BEGIN Data for analysis

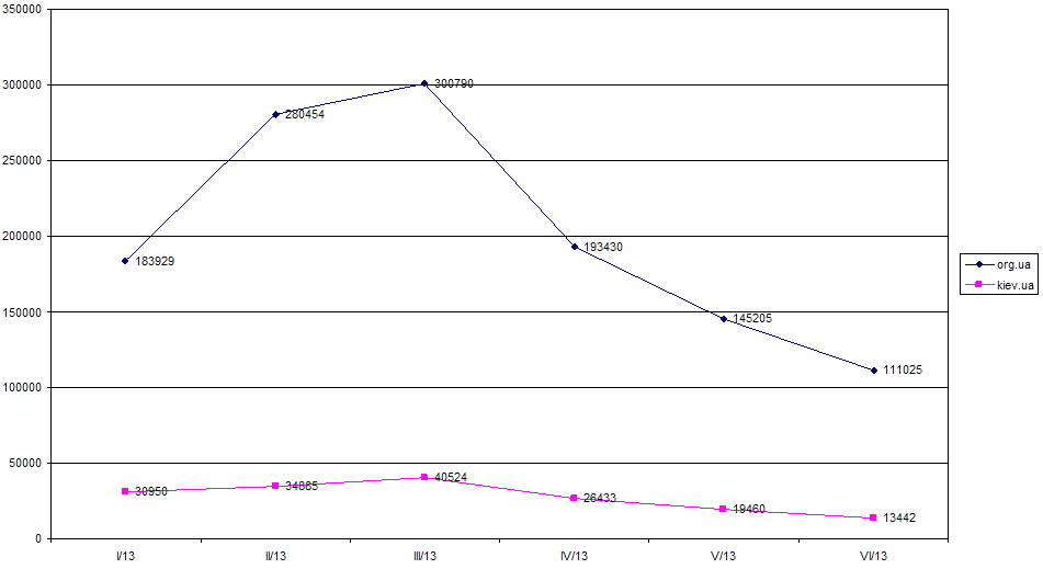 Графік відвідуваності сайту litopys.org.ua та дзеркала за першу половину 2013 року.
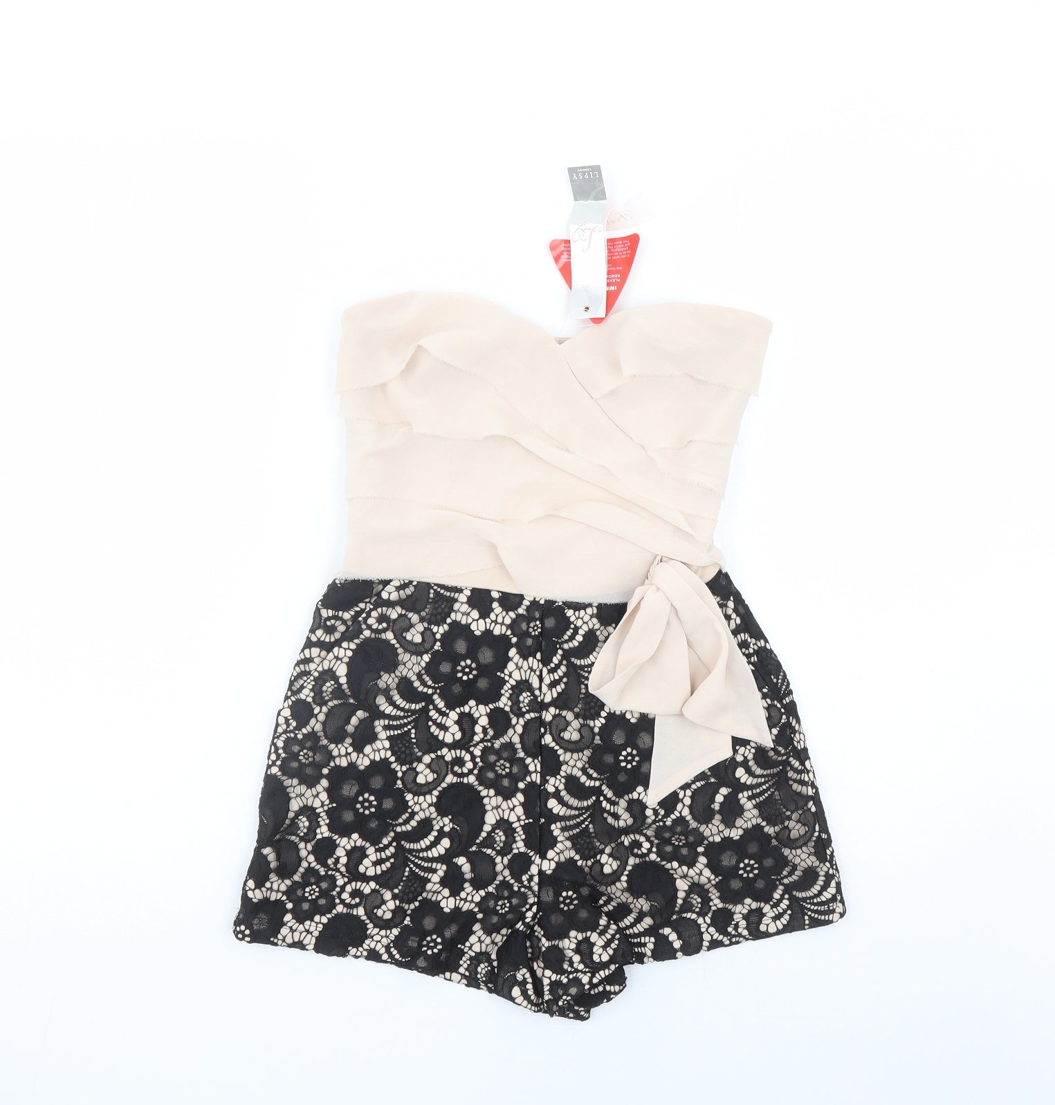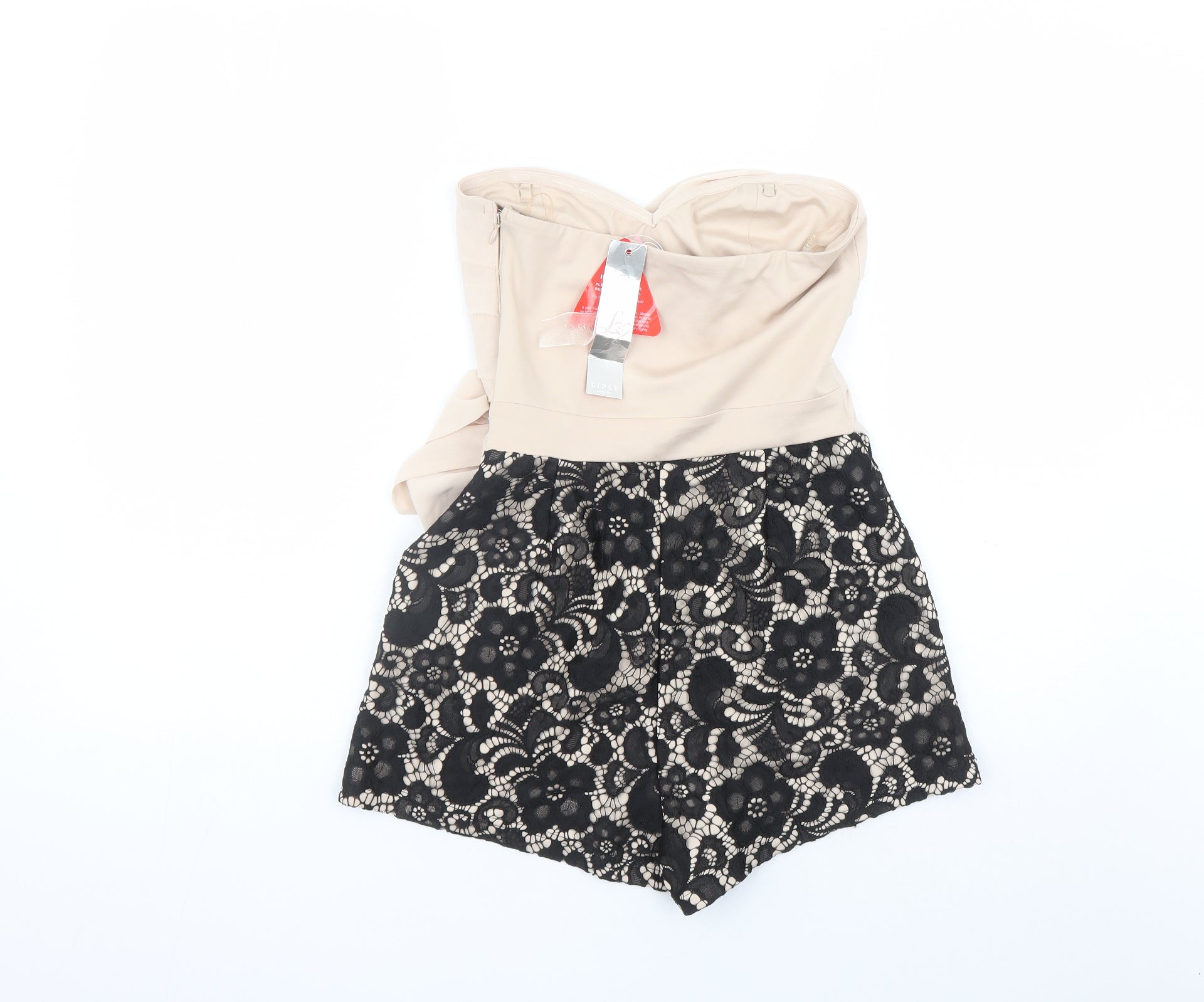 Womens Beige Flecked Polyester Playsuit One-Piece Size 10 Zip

END Data for analysis
BEGIN Data for analysis

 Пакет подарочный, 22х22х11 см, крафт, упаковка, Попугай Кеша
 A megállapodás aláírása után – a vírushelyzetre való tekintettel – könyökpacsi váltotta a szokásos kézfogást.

END Data for analysis
BEGIN Data for analysis

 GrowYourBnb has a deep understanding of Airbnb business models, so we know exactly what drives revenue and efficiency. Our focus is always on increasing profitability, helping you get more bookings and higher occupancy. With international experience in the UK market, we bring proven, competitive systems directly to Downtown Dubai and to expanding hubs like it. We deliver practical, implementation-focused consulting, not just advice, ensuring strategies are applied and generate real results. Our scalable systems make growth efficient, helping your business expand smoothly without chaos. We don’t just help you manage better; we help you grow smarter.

END Data for analysis

All lines above starting at the one with "Графік відвідуваності сайту" and ending at the one with "Womens Beige Flecked", inclusive, are to be printed again exactly, with the pictures left out.

 Графік відвідуваності сайту litopys.org.ua та дзеркала за першу половину 2013 року.
 Womens Beige Flecked Polyester Playsuit One-Piece Size 10 Zip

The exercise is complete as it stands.